Adds broker tracking of consumer offsets in streams if no x-stream-offset is provided by the consumer. Does not track if the consumer tag is generated by the broker.

✅ When to run cleanup_consumer_offsets?
✅ IndexError when trying to cleanup if msg_size => segment_size

HOW can this pull request be tested?

Run specs

src/lavinmq/mfile.cr

src/lavinmq/queue/stream_queue_message_store.cr

spec/stream_queue_spec.cr

src/lavinmq/client/channel/stream_consumer.cr

spec/stream_queue_spec.cr

carlhoerberg

What happens with consumer_offset_capacity is reached? MFile doesn't auto expand.

src/lavinmq/queue/stream_queue_message_store.cr

src/lavinmq/client/channel/stream_consumer.cr

src/lavinmq/mfile.cr

src/lavinmq/queue/stream_queue_message_store.cr

viktorerlingsson · 2024-06-17T12:35:48Z

What happens with consumer_offset_capacity is reached? MFile doesn't auto expand.

Fixed here

src/lavinmq/queue/stream_queue_message_store.cr

carlhoerberg · 2024-06-17T21:35:31Z

src/lavinmq/queue/stream_queue_message_store.cr

 return {@last_offset, seg, pos} if @size.zero?
 mfile = @segments[seg]
 msg = BytesMessage.from_bytes(mfile.to_slice + pos)
 offset = offset_from_headers(msg.properties.headers)
 {offset, seg, pos}
+ rescue ex : IndexError # first segment can be empty if message size >= segment size
+ return offset_at(seg + 1, pos, true) unless retried


what if many segments has been deleted? this only tired one more segment? and should pos be reused? Shouldn't it be in the beginning of the next available segment?

Suggested change

return offset_at(seg + 1, pos, true) unless retried

return offset_at(@segments.first_key, 4, true) unless retried

offset_at() is always called with @segments.first_key (or @segments.last_key), so seg + 1 will always be the second segment (unless we're looking in the last segment, but since it's the last segment, we will never run into the issue of a message spilling over to the next segment in that case).

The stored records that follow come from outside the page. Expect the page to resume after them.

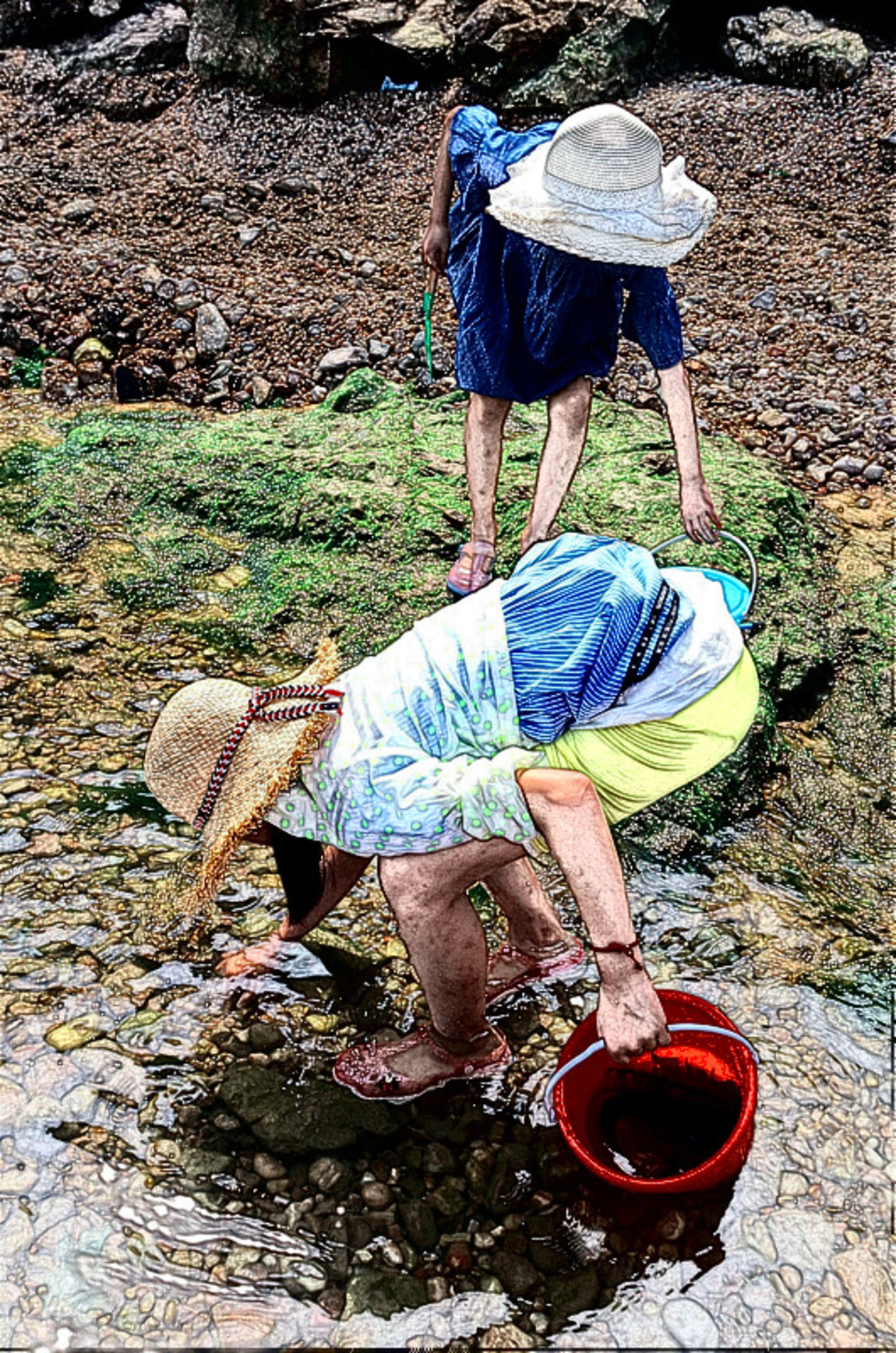 趕海最興奮的就是孩子們,這里海星很多,剛剛退下去的潮水,礁石上留下一堆海星。
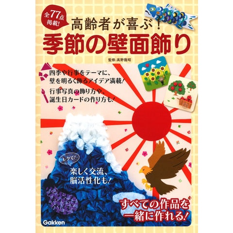 高齢者施設で今日から使える、壁面飾りのアイデア集。折り紙やティッシュはんこなど、身近なものを使って楽しめるうえ、出来上がりは華やかで立派。幼稚すぎないデザインで、一緒に製作して完成すればお年寄りも大満足! 四季を感じるテーマで飽きません。便利な型紙付き。高齢者が元気になるヒントも満載です。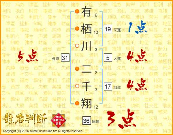 有(6画)栖(10画)川(3画) 二(2画)千(3画)翔(12画)

And I don't think we ever will have two empty segments in a row? Anytime a message spills over, it will end up in the next segment. The way we expire segments for streams shouldn't allow for any gaps. But maybe getting the next key in the hash is safer?

pos should be set to 4 though 👍

src/lavinmq/queue/stream_queue_message_store.cr

…e on init to facilitate simple write.

Co-authored-by: Carl Hörberg <[email protected]>

…g x-stream-use-automatic-offset

Co-authored-by: Carl Hörberg <[email protected]>

carlhoerberg

Need to think about replication of the consumer offset file.

src/lavinmq/queue/stream_queue_message_store.cr

carlhoerberg · 2024-06-20T21:34:09Z

src/lavinmq/queue/stream_queue_message_store.cr

+
+ def update_consumer_offset(consumer_tag : String, new_offset : Int64)
+ if pos = @consumer_offset_positions[consumer_tag]?
+ IO::ByteFormat::SystemEndian.encode(new_offset, @consumer_offsets.to_slice(pos, 8, false))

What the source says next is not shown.